L’azienda non possiede terreni ma, come una cooperativa, assorbe integralmente la produzione di alcuni agricoltori che hanno dato fiducia al progetto, accettando di integrare la loro sapienza con tecniche moderne, a condizione di contare su servizi di supporto alla produzione e nuovi protocolli di lavorazione. Incuso, infatti, non mitizza il passato, rimpiangendo le buone cose di una volta: tutt’altro.
“Se fai una cosa come l’hai sempre fatta perché è buona, a me non basta. Io voglio capire perché la fai così” dichiara Pasquale. In linea con questa impostazione che rispetta la tradizione, ma in realtà la vaglia e semmai perfino la migliora, tra una portata e l’altra di un menu basato su prodotti Incuso (e composto da una delicata Pappa al pomodoro, un’Animella capperi, acciuga e levistico, Risotto con limone capperi e caffè, un morbido Agnello arrosto e un godurioso dessert con Cioccolato, olive e olio) Bonsignore ha annunciato due nuovi progetti.

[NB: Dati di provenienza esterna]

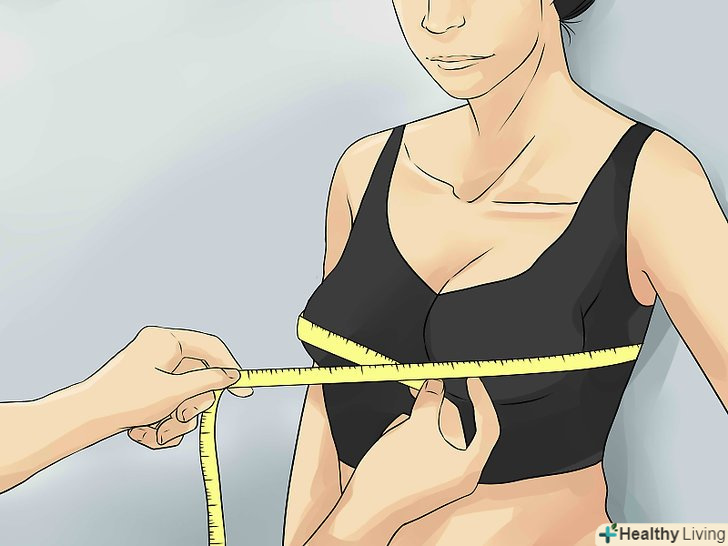 Зверніться до консультанта магазину нижньої білизни з проханням визначити ваш розмір.незважаючи на те, що для бюстгальтера можна зняти мірки у себе вдома, непогано буде звернутися за допомогою до консультанта магазину нижньої білизни в разі покупки першого бюстгальтера або просто для того, щоб вам підібрали найбільш підходящий розмір. Коли зайдете в магазин, скажіть консультанту, що вам необхідно визначити свій розмір бюстгальтера. Вас направлять в примірювальну і знімуть дві мірки: обхват під грудьми і обхват грудей по самим виступаючим точкам. Перша мірка визначає розмір " пояса "бюстгальтера, а різниця між першою і другою міркою впливає на розмір"чашок".[4]- Обхват під грудьми в сантиметрах визначає перший числовий показник розміру бюстгальтера (наприклад, 70, 75, 80 і так далі).
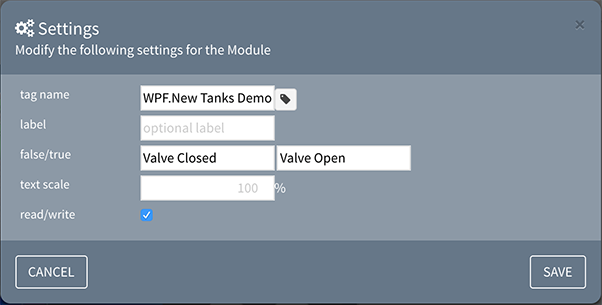 This module displays the current live value of a Boolean Tag. When configured to allow for read/write access, the display icon becomes a switch. If the switch is clicked or tapped, the server value will be toggled between True and False. The display can also be customized so that True and False text can be replaced with text of your choosing.
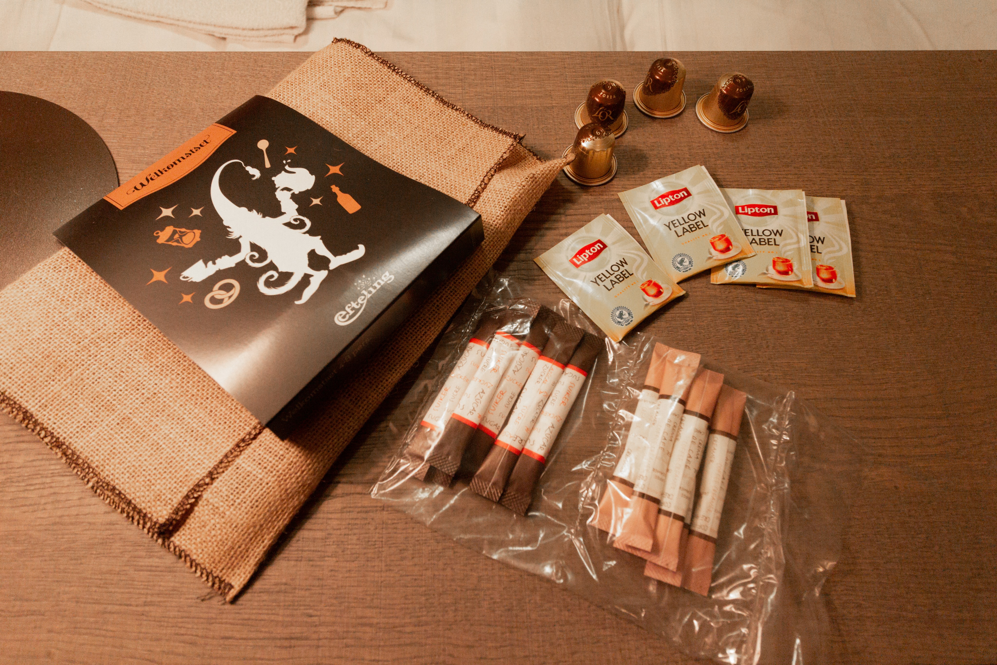 You still get the hessian bag welcome set which contains sugar, creamer, 4 Lipton Yellow label tea bags, and 4 Nespresso coffee capsules. As part of the cleaning service it would be good if these were replenished as well?

Il primo è la creazione di un centro di ricerca, a Milano, i cui lavorino di concerto gli esperti delle varie fasi produttive e il mondo della ricerca scientifica, così da mettere letteralmente “a terra” le più avanzate conoscenze scientifiche sulle qualità degli alimenti e sulle tecniche agricole. Il secondo è la realizzazione di una scuola di conduzione agricola, in Sicilia, per chi già lavora la terra nell’alveo del progetto, in modo da fornirgli le competenze richieste dal contesto attuale. Incuso vuole conservare la bontà traghettandola nel presente, elevando i margini di guadagno di chi produce cibo, ma anche il valore percepito dei prodotti in vendita.
Tra marketing, design e un approccio disincantato alla tradizione, Incuso mira a operare una piccola rivoluzione alimentare e politica. La cartella stampa attesta che le “conseguenze di tale visione saranno il rilancio della produzione agricola, nuovamente attrattiva per le persone giovani; la tutela della densità abitativa dei nostri paesi e dei territori periferici, promuovendo la restanza e la salvaguardia e la cura del paesaggio agricolo e antropico e della sua varietà”. Chi scrive ammira l’ambizione di questo programma e si augura che il citato rinnovamento socio-economico avvenga. Forse, come sosteneva Mao Zedong, la rivoluzione non sarà un pranzo di gala, ma non è detto che non possa avvenire portando in tavola prodotti buoni ed eticamente corretti. Anzi, dato l’acume di Bonsignore, potrebbe proprio andare così.